I need an algorithm to do a binary search when the test at each step may give the wrong result.
Background:
I need to place students on the most appropriate of 12 difficulty levels. The current approach is brute force and asks 60 4-answer multiple choice questions of increasing difficulty, stopping after three wrong, and places the student at level: floor((score - 1) / 5) + 1 with a minimum of 1.
We're concerned that customers are turned off when they face a test with up to 60 questions before they can actually use the program, so we would like to minimize the number of questions asked in the test. We're also concerned that customers are skipping the placement test (because it seems long) and then abandoning the program because it seems too easy.
The median placement is actually on level 2, so 50+% of students score <11 (i.e. answer < 14 questions). Anecdotally, this may be because they get bored and stop taking the questions seriously (they're young children).
Proposed Solution: Implement the test as a binary search over twelve items starting with a question at difficulty level 6/7 and proceeding based on whether they get the question right or wrong.
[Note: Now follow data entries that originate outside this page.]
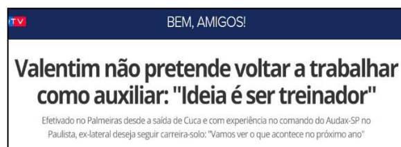
Figura 26 – Negativa de Interino em caso de chegada de novo treinador.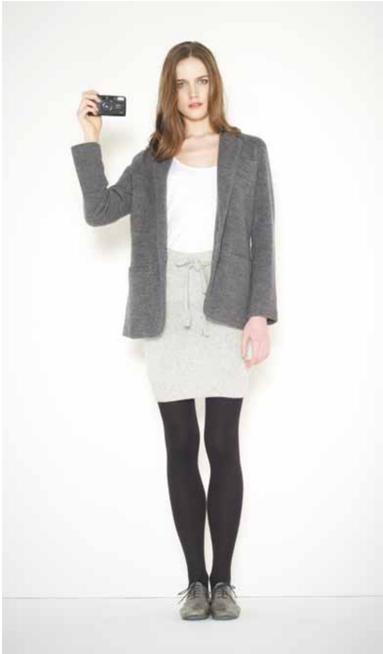
2 Veste Racine en mérinos - Racine merino wool jacket Débardeur Varenne en coton viscose flammé - Varenne slub cotton viscosis tank Jupe Simiot en shetland & cachemire - Simiot cashmere & shetland wool skirt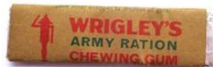
Hierboven en hiernaast 19 : Afbeeldingen van Engelse chocolade, sigaretten en kaun gum.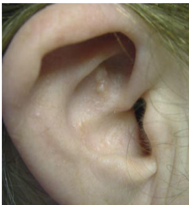
Figura 1. Pápulas amarillentas en la concha auricular.

El millium coloidal es una enfermedad por depósito de la que se conocen tres variedades clínico – patológicas[1,2]: el millium coloidal del adulto, millium coloidal juvenil y el millium coloidal pigmentado asociado al uso de hidroquinona. Las variantes denominadas millium coloidal nodular y paracoloide se consideran en las amiloidosis[2].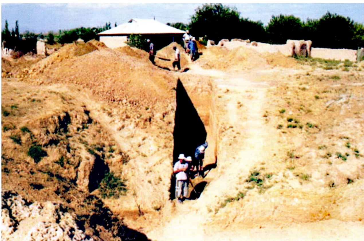
Рисунок В.14 – Раскопки стоянки Кошкурган (по Ж.К. Таймагамбетову)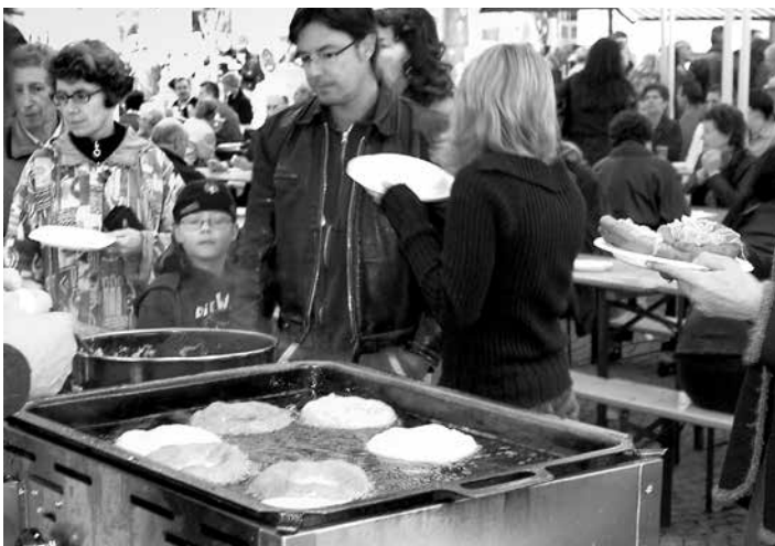
An zahlreichen Ständen am Stiftsmarkt erhält man köstliche Kiachl in allerlei Varianten – natürlich frisch herausgebacken.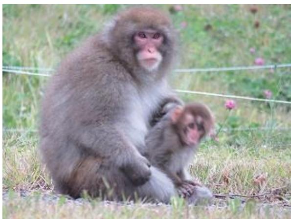
親子のニホンザル (10/6 撮影)

連日のように猪根平にニホンザルが出没しています。大半は食事に費やしていますが、毛繕いや日向ぼっこにも余念がありません。朝晩、夜中に「ホー」と遠吠えする声も聞こえています。繁殖の時期を迎えたことに関連する繁殖行動の一環でしょうか？カラマツに登り、樹上で遠吠えする雄のニホンザルを撮影しました。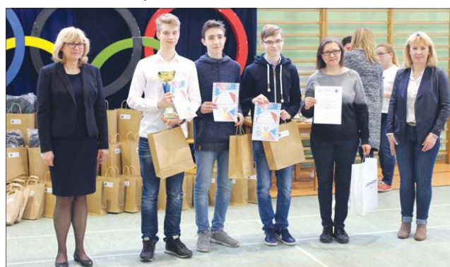
Zwycięskie reprezentacje Gimnazjum Powiatowego w Sochaczewie i Szkoły Podstawowej nr 4

W rywalizacji wzięło udział 13 szkół: siedem podstawówek (SP 1, SP 2, SP 4, SP 6, SP 7, SP w Brochowie, SP w Kozłowie Szlacheckim) i sześć gimnazjów (Gimnazjum Powiatowe, Gim. 2, Gim. Iłów, Gim. Teresin, Gim 3, Gim. Kozłów Szlachecki). Uczniowie starto-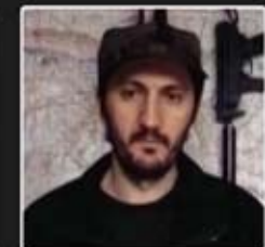
Сейфулла, командир об'єднаного фронту Кабарди, Балкарії та Карачая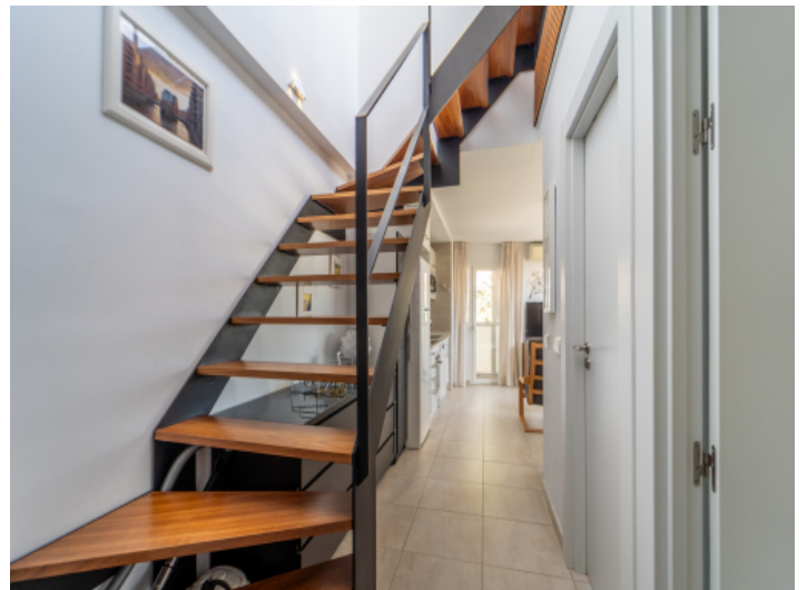
Treppe zur Dachterrasse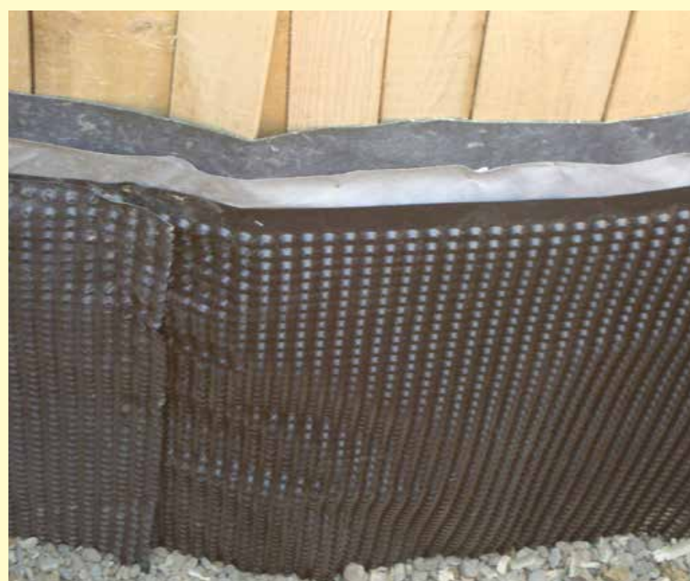
Pred vlago je les zavarovan z dvojno folijo in filcem, navzven pa s prodom.

In theory, this could find the appropriate difficulty level for them in 3-4 questions.
The Problem: As you might guess from the existing test only ending after three wrong answers and using 60 questions to choose between 12 levels, we want to make allowance for students fluking correct answers (which they should do 25% of the time) or accidentally giving incorrect answers (fat fingers, misreading question etc). This is even more important with a binary search because fluking a right answer on the first question could place you in the top half of difficulty levels even if you get every other question wrong.
So is there a recognized algorithm for a binary search where you can't guarantee that an individual test is accurate?
Naively I might try best of 3 or 5 questions at each step, and, since the early questions have a bigger effect on the final result than the later questions, maybe add these additional questions only to the early steps and not the later ones. Is there more to it than that?